When she took it off I instantly saw that it looked like a football and then notice diamonds were missing from the band toward the middle on each side. Keep in mind my fiance is an accountant not a construction worker and has only had the ring for a two weeks at this time.

I went to the store asking they refund my money for the setting not the diamond and they immediately said they could not do this they could fix this setting or make a new one. He brought the ring out with it reshaped and two additional diamonds missing and said that she could at least wear it for now until we could get it permanently fixed. I have little faith in this jewelry company and would rather the money be refunded but they will not because it is a custom piece of jewelry.

I contacted jewelers mutual and they do not cover defective settings but will replace the diamonds for me.

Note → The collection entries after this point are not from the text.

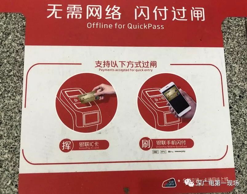 记者了解到,深圳市地铁已全面受理金融IC卡及银联闪付,金融IC卡指的是各银行发行的印有银联标识及闪付“QuickPass”标识的芯片银行卡(包括借记卡和信用卡);银联闪付支持HuaweiPay、ApplePay、SamsungPay、MiPay等各种手机Pay,消费者无需解锁手机和打开APP,即可完成支付。市民在地铁站内贴有“银联闪付”、“全国交通一卡通”标识的闸机前,便可直接用金融IC卡、手机刷卡进出站,也可在无网络的条件下直接用于地铁过闸。
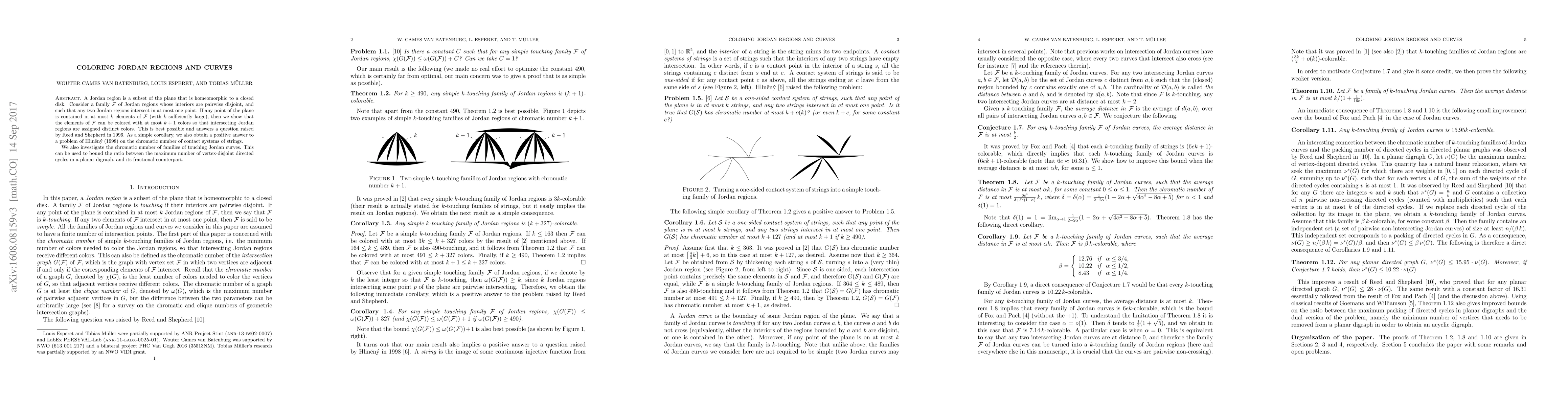 This paper explores the coloring of Jordan regions and curves, proving that a family of such regions can be colored with at most $k+1$ colors when each point in the plane is contained in at most $k$ regions, answering a question from 1996. It also extends the findings to Jordan curves and relates the results to the chromatic number of contact systems and directed cycles in planar digraphs.
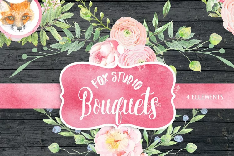 This set of 4 high quality Watercolor Ranunculus Bouquets
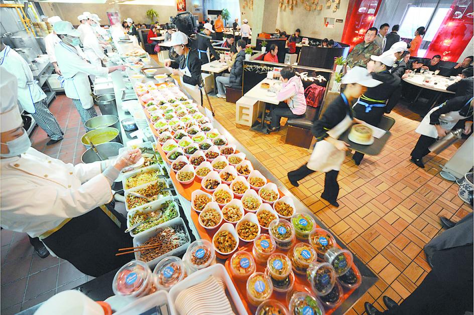 ▲2010年,眉州小吃店内,统一佩戴帽子和口罩的厨师们制作着各种早点,大厅内的座位早已坐满。 饶强摄
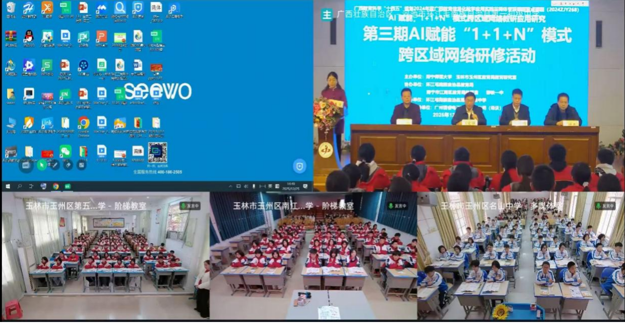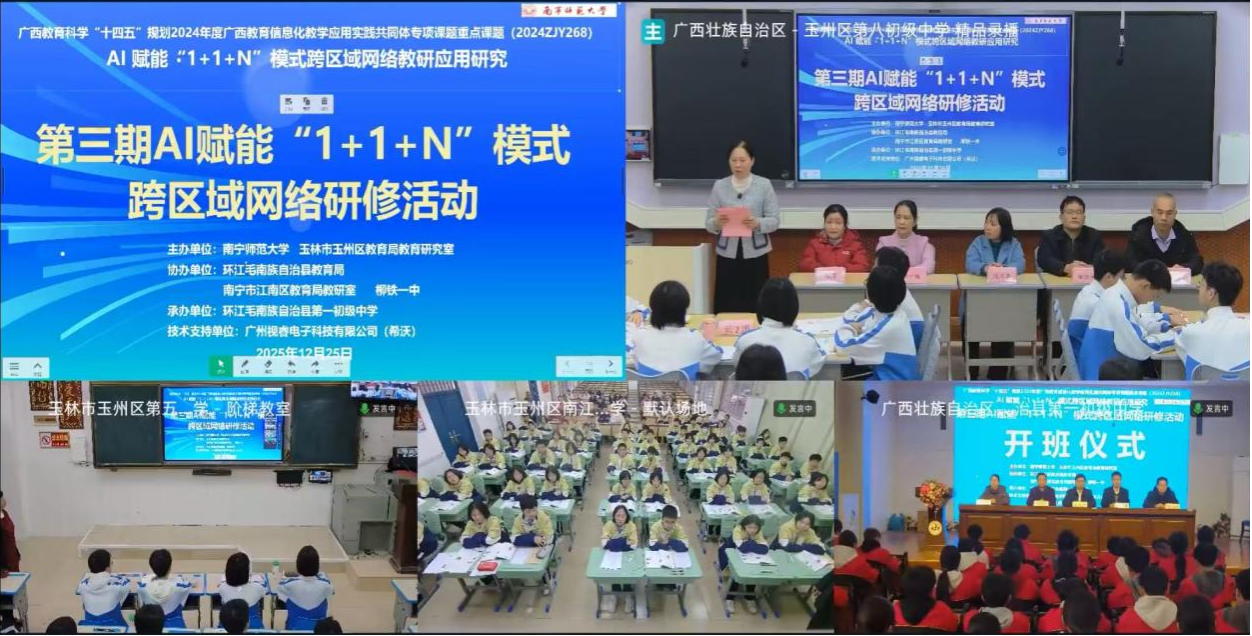 12月25日、26日,由华体会平台教育科学学院余朝文教授主持的“AI赋能‘1+1+N’模式跨区域网络教研应用研究”项目,开展第三期AI赋能“1+1+N”模式跨区域网络研修活动。本次活动由华体会平台教育科学学院主办,由实验区玉林市玉州区教育局教育研究室承办,实验区河池市环江毛南族自治县教育局、南宁市江南区教育局教研室及柳铁一中联合协办,广州视睿电子科技有限公司(希沃)提供技术支持。四县区的教育局及教研室相关领导、10所华体会平台的领导、老师和学生出席开班仪式并全程参与活动。
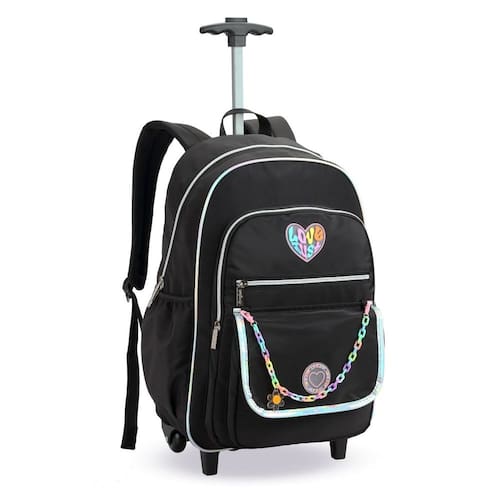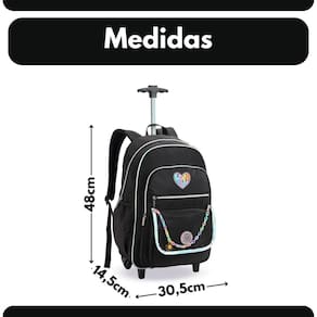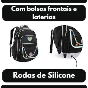 Com quatro divisórias espaçosas, oferece organização impecável para livros, cadernos, estojo e outros pertences, mantendo tudo no lugar e fácil de encontrar. Diga adeus ao peso nos ombros graças ao carrinho embutido e às rodas de silicone super resistentes e silenciosas, que proporcionam um deslize suave e confortável em qualquer superfície, seja no corredor da escola ou em passeios.

Any suggestions on my next move?
 
It is normal to attempt to fix it/make it over instead of a refund for custom pieces. Perhaps the construction was defective. Perhaps your fiancee is much harder on her hands than she realizes. The fact is, a thin, pave halo is more delicate than thicker, plain settings.
 
If you paid for it with a credit card, dispute the charge.

It sounds like they are working with you though. If they can fix it to your liking, let them try.
 
I'd have it appraised by an excellent appraiser. If it's a manufacturing defect then they can testify to that and you can get your money back either by taking it to them and threatening the BBB, going through your CC company, or through small claims court. BUT-- you need something that says there is a problem. If there is no problem with the manufacturing then-- you are stuck with it and should just continue to work with them to get it repaired. Or you can get a better quality setting somewhere else.
 
Gypsy|1343244406|3239896 said:
I'd have it appraised by an excellent appraiser. If it's a manufacturing defect then they can testify to that and you can get your money back either by taking it to them and threatening the BBB, going through your CC company, or through small claims court. BUT-- you need something that says there is a problem. If there is no problem with the manufacturing then-- you are stuck with it and should just continue to work with them to get it repaired. Or you can get a better quality setting somewhere else.

excellent advice! I would do exactly as Gypsy has suggested and have an appraiser examine the ring. If there isn't a manufacturing error then I would want the entire ring recast though, not just re-shaped and reset with new melee.
 
excellent appraiser, incidentally means independent. Under the Resources button above you can see if there are any near you. If there aren't and you are in the US I'd send it to Neil Beaty, David Wolfe, or Jeff Averbrooke, or Old Miner (can't recall his name, and I've met the lovely man, someone help me-- JBEG sends their stones to him for appraisals).
 
Old Miner is Dave Atlas www.datlas.com He's very knowledgeable and a joy to work with.
 
This is why I love pricescope...Excellent advice and I will post a follow up when I hopefully get this resolved.